Os resultados foram tão consistentes que os pesquisadores concluíram: o daraxonrasib deve se tornar o novo padrão de tratamento para pacientes com câncer de pâncreas avançado que não responderam à primeira linha de quimioterapia.
Por que este avanço é histórico
O câncer de pâncreas é conhecido por ser um dos mais agressivos e resistentes. Mais de 90% dos casos envolvem mutações na proteína RAS, considerada por anos como “undruggable” — impossível de ser bloqueada por medicamentos.
O daraxonrasib conseguiu superar essa barreira, atuando diretamente nessa mutação que impulsiona o crescimento descontrolado das células tumorais.
Stephen Stefani, oncologista brasileiro presente no evento, resumiu o sentimento da plateia:
“Raramente celebramos um medicamento com esse perfil: baixa toxicidade, impacto real em sobrevida e um mecanismo inédito para essa doença. O aplauso em pé foi merecido.”
Impacto no Brasil
No Brasil, o câncer de pâncreas causa cerca de 13 mil novos diagnósticos por ano, com mortalidade superior a 90% nos casos metastáticos. A sobrevida em cinco anos para a forma avançada é de apenas 3%.
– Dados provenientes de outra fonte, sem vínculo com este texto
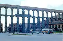 Старовинні римські акведуки також мали подачу самопливом, для подачі води у віддалені селища. У цьому випадку подача води відбувалася за допомогою напору, з місця забору води до місця витоку у селищі, на яке діяла сила тяжіння; у той час як потік води протистоїть тертю у трубах, яке визначається насамперед від довжини і діаметра труби, а також його віку і матеріалу, з якого вона виготовлена[1].
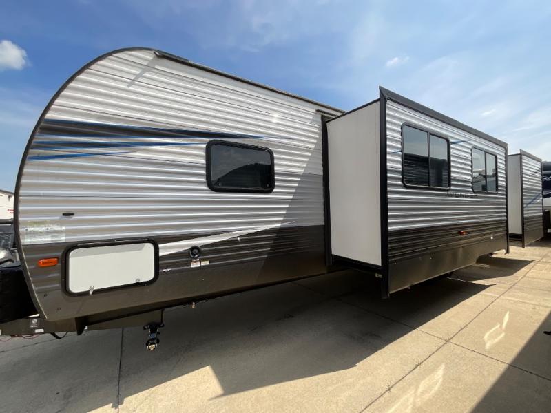 Take charge of your adventures in this fully loaded Avenger travel trailer! The whole family will be cared for throughout all of your many getaways with the private bunkhouse in the back and the private bedroom up front. The large slide in the main living area not only holds the U-shaped dinette and jackknife sofa, but it also adds more space to this area so that you can live freely. When you're working in the kitchen, you'll appreciate that this trailer comes with two pantries, and one of those pantries is even a walk-in pantry. You'll find it easy to access the outdoor kitchen because of the two entry doors, and with one of those doors leading directly into the full bathroom, you won't have to search far while you're playing outside.

A aprovação da daraxonrasib pela FDA (EUA) deve ocorrer em breve, com status prioritário. No Brasil, o caminho é mais longo: a Anvisa ainda precisará analisar o pedido, e a incorporação pelo SUS ou planos de saúde depende de negociação de preço.
Enquanto isso, o acesso compassivo já é possível em alguns casos nos Estados Unidos.
Um marco na luta contra o câncer
O que começou como um comprimido promissor em dados preliminares se consolidou como um dos maiores avanços recentes na oncologia. Para milhares de pacientes e famílias que enfrentam essa doença devastadora, o daraxonrasib representa algo que há muito não se via: esperança concreta.
A ciência, mais uma vez, mostrou que o “impossível” pode durar apenas até a próxima grande descoberta.